### EXERCISE PROMPT
Only the lines from the one with "The view of" through the final line below belong in the answer, copied exactly and without pictures.

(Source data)

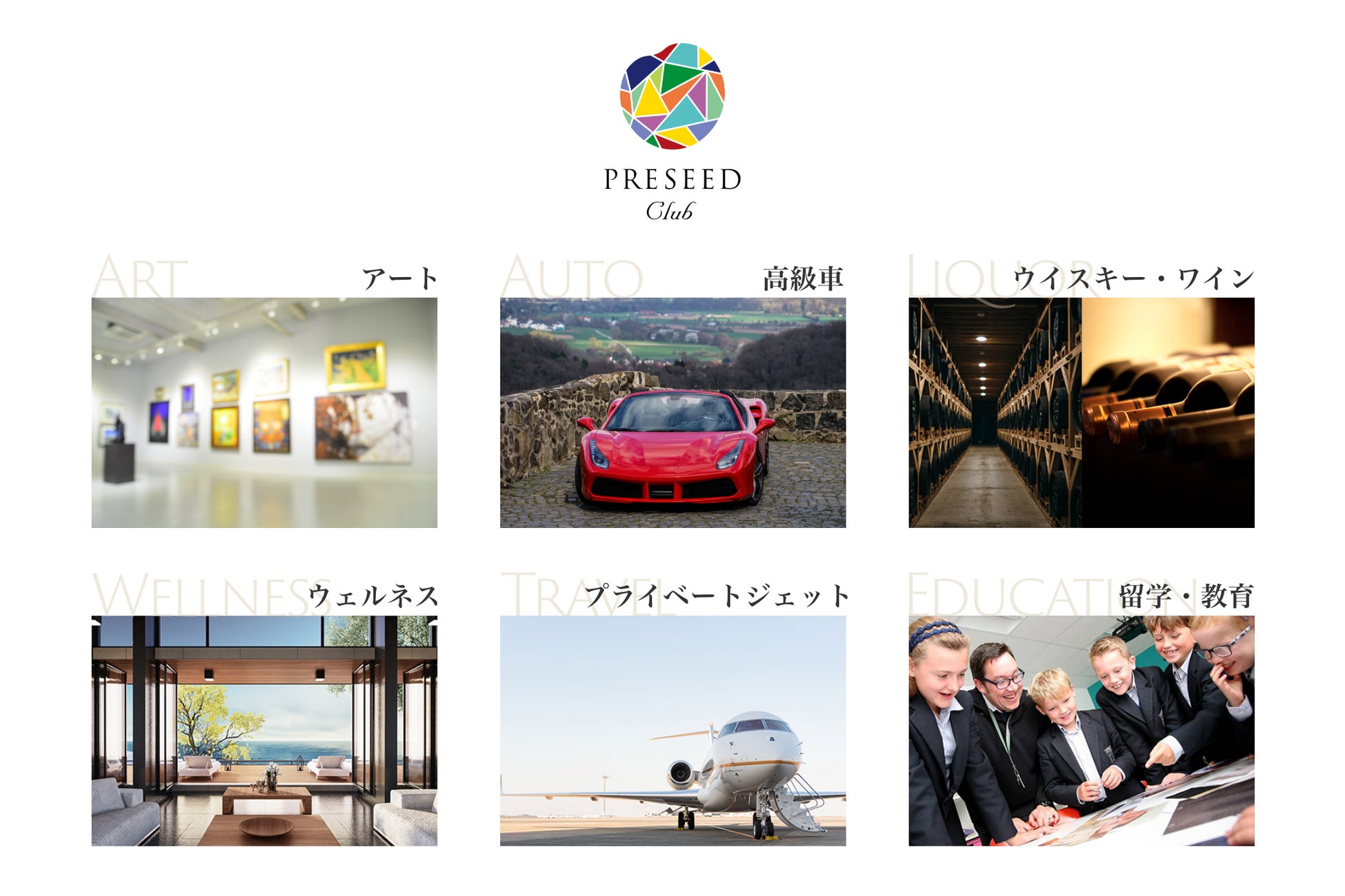 高級車、アート、ウエルネス、留学、洋酒等のジャンル
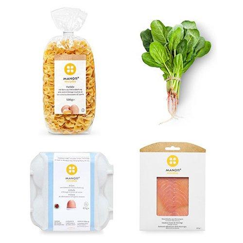 Buttrige Pasta mit Rauchlachs und pochiertem Ei können Sie auch mitten in der Woche geniessen, dank den günstigen Manor Everyday Produkten.
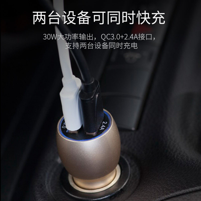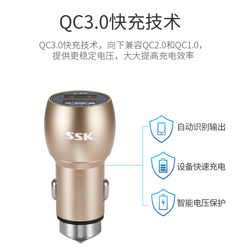 SSK飚王 车载充电器手机车充双口一拖二USB快充汽车多功能点烟器
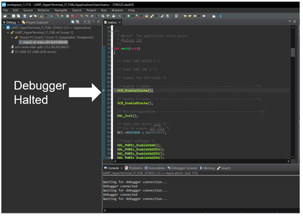 在建立 ST-LINK GDB 服務器連接並完成固件編程後,STM32CubeIDE 會切換至調試器視圖,並將調試器暫停在 main() 函數的入口處。
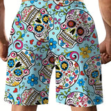 Pantalones cortos con estampado de calavera, cintura con cordon y bolsillos para hombre, shorts casuales unicos y a la moda para playa y vacaciones
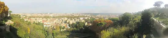 The view of the city was one of the most famous, and recorded by many artists. Giorgio Vasari made his Grand View of Rome from there, or very close by, though he slightly adjusted the slopes at the sides to expand what is actually visible from there, as did Giuseppe Vasi's Prospetto dell’alma città di Roma visto dal Monte Gianicolo, a famous large etching (1765) of the view. J. M. W. Turner did a drawing with watercolour in 1819.[7]
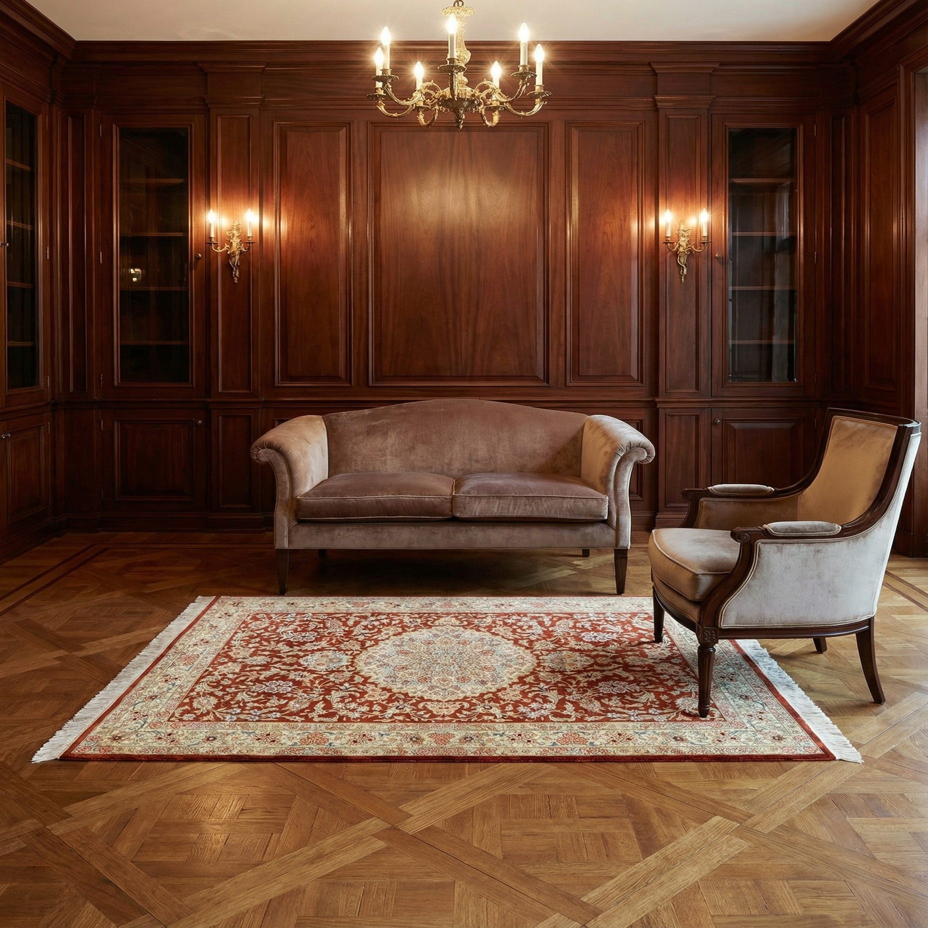Given its traditional design and rich color scheme, this rug is well-suited for interiors that aim to create a sense of warmth and sophistication. It could serve as a stunning focal point in a formal living room, under a coffee table or seating area, or add a touch of elegance to a quiet study or home office. Additionally, its size allows for versatility in placement, whether in an intimate setting or as part of a larger, curated design scheme.

### FINAL ANSWER
 The view of the city was one of the most famous, and recorded by many artists. Giorgio Vasari made his Grand View of Rome from there, or very close by, though he slightly adjusted the slopes at the sides to expand what is actually visible from there, as did Giuseppe Vasi's Prospetto dell’alma città di Roma visto dal Monte Gianicolo, a famous large etching (1765) of the view. J. M. W. Turner did a drawing with watercolour in 1819.[7]
Given its traditional design and rich color scheme, this rug is well-suited for interiors that aim to create a sense of warmth and sophistication. It could serve as a stunning focal point in a formal living room, under a coffee table or seating area, or add a touch of elegance to a quiet study or home office. Additionally, its size allows for versatility in placement, whether in an intimate setting or as part of a larger, curated design scheme.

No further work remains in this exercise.